━━ Information provided ━━

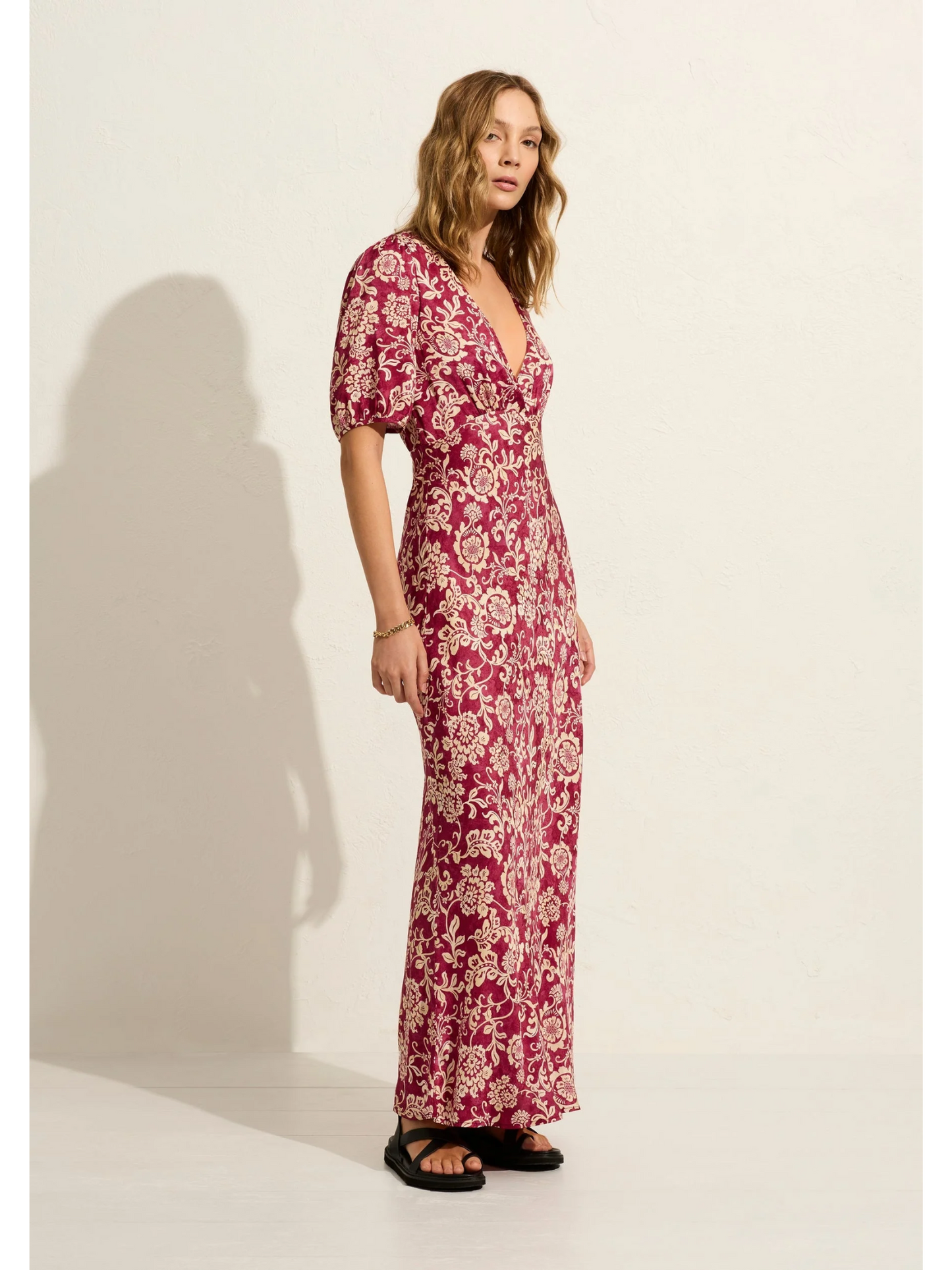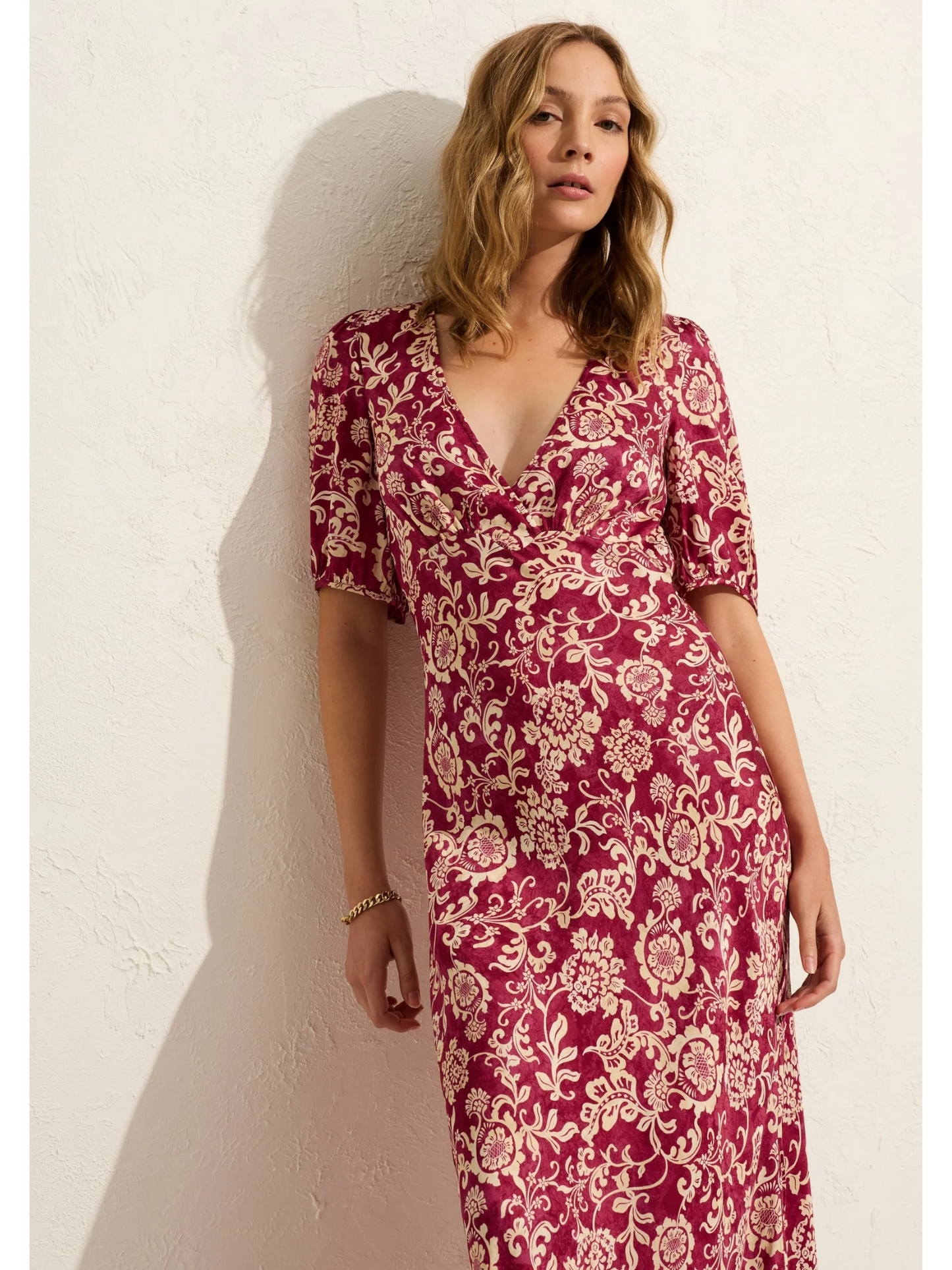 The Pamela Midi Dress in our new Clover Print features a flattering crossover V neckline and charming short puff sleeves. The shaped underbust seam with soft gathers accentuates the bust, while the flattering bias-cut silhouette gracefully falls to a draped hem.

━━━
━━ Information provided ━━

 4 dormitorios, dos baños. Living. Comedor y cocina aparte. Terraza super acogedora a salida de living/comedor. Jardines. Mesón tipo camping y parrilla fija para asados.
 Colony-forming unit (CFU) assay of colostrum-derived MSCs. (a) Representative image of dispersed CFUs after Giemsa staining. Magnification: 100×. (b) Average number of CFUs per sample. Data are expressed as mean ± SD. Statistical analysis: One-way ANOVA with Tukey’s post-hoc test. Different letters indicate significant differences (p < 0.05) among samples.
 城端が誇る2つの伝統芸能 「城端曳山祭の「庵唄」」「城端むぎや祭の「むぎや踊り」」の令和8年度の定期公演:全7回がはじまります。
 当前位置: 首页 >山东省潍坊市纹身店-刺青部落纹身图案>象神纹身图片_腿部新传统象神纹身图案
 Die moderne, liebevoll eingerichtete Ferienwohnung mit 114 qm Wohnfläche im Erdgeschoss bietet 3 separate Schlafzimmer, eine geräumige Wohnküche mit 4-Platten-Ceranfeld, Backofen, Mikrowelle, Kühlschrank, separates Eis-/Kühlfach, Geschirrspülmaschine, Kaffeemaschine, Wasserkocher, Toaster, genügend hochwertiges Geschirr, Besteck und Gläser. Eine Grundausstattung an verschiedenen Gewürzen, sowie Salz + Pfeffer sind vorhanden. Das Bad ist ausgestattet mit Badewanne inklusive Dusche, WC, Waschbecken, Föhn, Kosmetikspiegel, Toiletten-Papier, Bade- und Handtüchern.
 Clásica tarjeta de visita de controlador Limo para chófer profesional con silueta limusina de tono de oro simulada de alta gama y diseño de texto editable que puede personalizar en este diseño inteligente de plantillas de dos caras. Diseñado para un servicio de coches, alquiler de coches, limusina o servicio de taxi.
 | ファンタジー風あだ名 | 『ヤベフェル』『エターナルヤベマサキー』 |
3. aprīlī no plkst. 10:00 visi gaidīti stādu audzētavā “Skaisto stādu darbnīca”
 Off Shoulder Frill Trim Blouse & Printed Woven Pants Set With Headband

━━━

Exercise: Everything from the line with "Die moderne, liebevoll" through the line with "Off Shoulder Frill" should be written out exactly as it appears above, end lines included, and nothing outside that range.

Response to this exercise:
 Die moderne, liebevoll eingerichtete Ferienwohnung mit 114 qm Wohnfläche im Erdgeschoss bietet 3 separate Schlafzimmer, eine geräumige Wohnküche mit 4-Platten-Ceranfeld, Backofen, Mikrowelle, Kühlschrank, separates Eis-/Kühlfach, Geschirrspülmaschine, Kaffeemaschine, Wasserkocher, Toaster, genügend hochwertiges Geschirr, Besteck und Gläser. Eine Grundausstattung an verschiedenen Gewürzen, sowie Salz + Pfeffer sind vorhanden. Das Bad ist ausgestattet mit Badewanne inklusive Dusche, WC, Waschbecken, Föhn, Kosmetikspiegel, Toiletten-Papier, Bade- und Handtüchern.
 Clásica tarjeta de visita de controlador Limo para chófer profesional con silueta limusina de tono de oro simulada de alta gama y diseño de texto editable que puede personalizar en este diseño inteligente de plantillas de dos caras. Diseñado para un servicio de coches, alquiler de coches, limusina o servicio de taxi.
 | ファンタジー風あだ名 | 『ヤベフェル』『エターナルヤベマサキー』 |
3. aprīlī no plkst. 10:00 visi gaidīti stādu audzētavā “Skaisto stādu darbnīca”
 Off Shoulder Frill Trim Blouse & Printed Woven Pants Set With Headband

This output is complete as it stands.